On the other hand, as noted earlier, general induction processes can be
innately biased to operate over certain categories of stimuli selected from the
flow of events. In that sense, the existence of content-specific knowledge is not
incompatible with general purpose induction principles. In fact, early innate
content knowledge can be useful in providing the kind of constraints on initial
causal hypotheses necessary for the application of such principles (i.e., both for
selecting causal candidates, and for controlling nontarget extraneous factors).

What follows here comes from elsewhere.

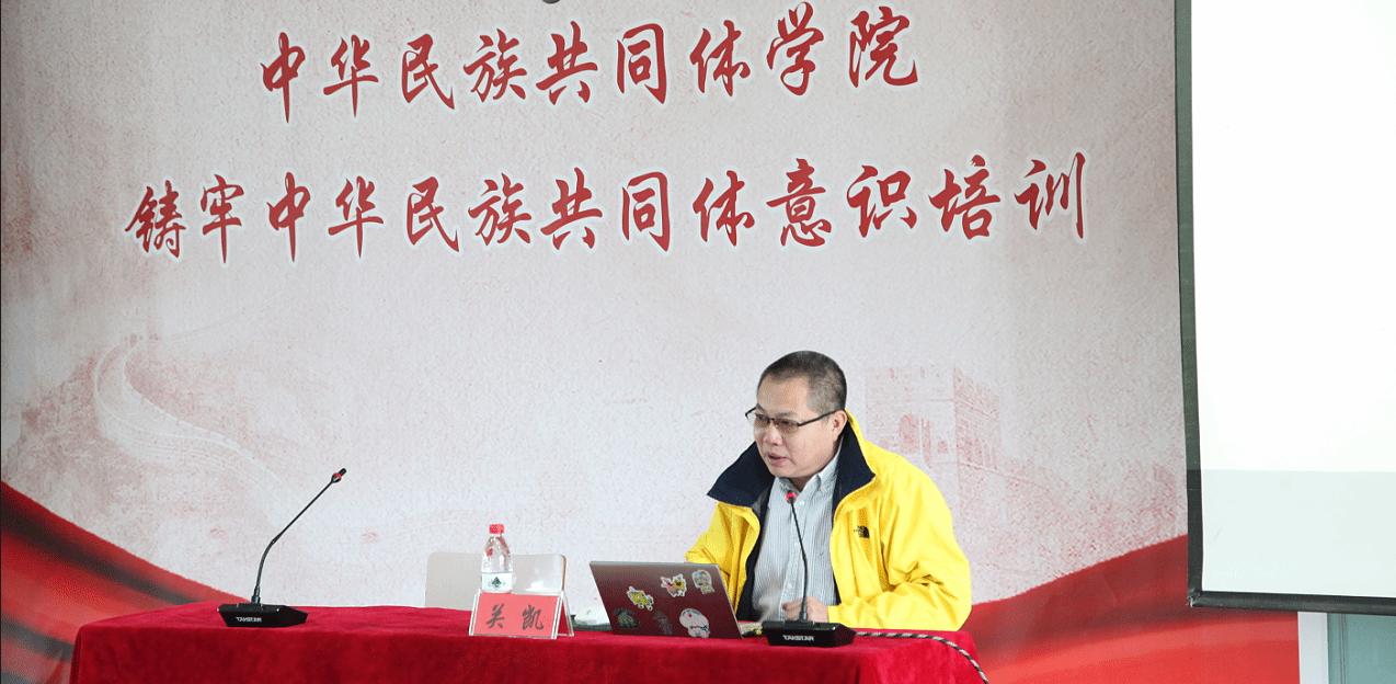 讲座伊始,贺卫光对关凯教授的到来表示欢迎。本次讲座主题围绕“中华民族共同体的历史生成之道”展开。讲座中,关凯教授从历时性角度展开了对中华民族共同体发展进程的论述。从古代中国的“天下观”到现代意义上的“民族——国家”概念,从辛亥革命建立中华民国到社会主义统一多民族国家体制的确立。关教授向在座师生阐述了中华民族共同体是如何在历史发展进程中产生的。讲授过程中结合多学科视角,以中华民族在历史中形成共同体为主线,加以其它相关资料进行论证和分析,旁征博引。同时,关教授结合当今世界形势变化、现代化发展,以生动有趣的方式分析了中国式现代化、中华民族共同体与人类命运共同体之间的关系。

Finally, in parallel to the development of executive strategies, the causal
exploration of the world through intervention becomes more formal and sys-
tematic. Confronted with a complex causal scenario, in which several variables
can produce an effect, reasoners in their late childhood and early adolescence
systematically manipulate each potential factor across the values of the other
factors in order to isolate the individual and interactive influence of each of them
on the value of the outcome. Younger reasoners, in contrast, proceed in a more
random, arbitrary way (Inhelder & Piaget, 1958).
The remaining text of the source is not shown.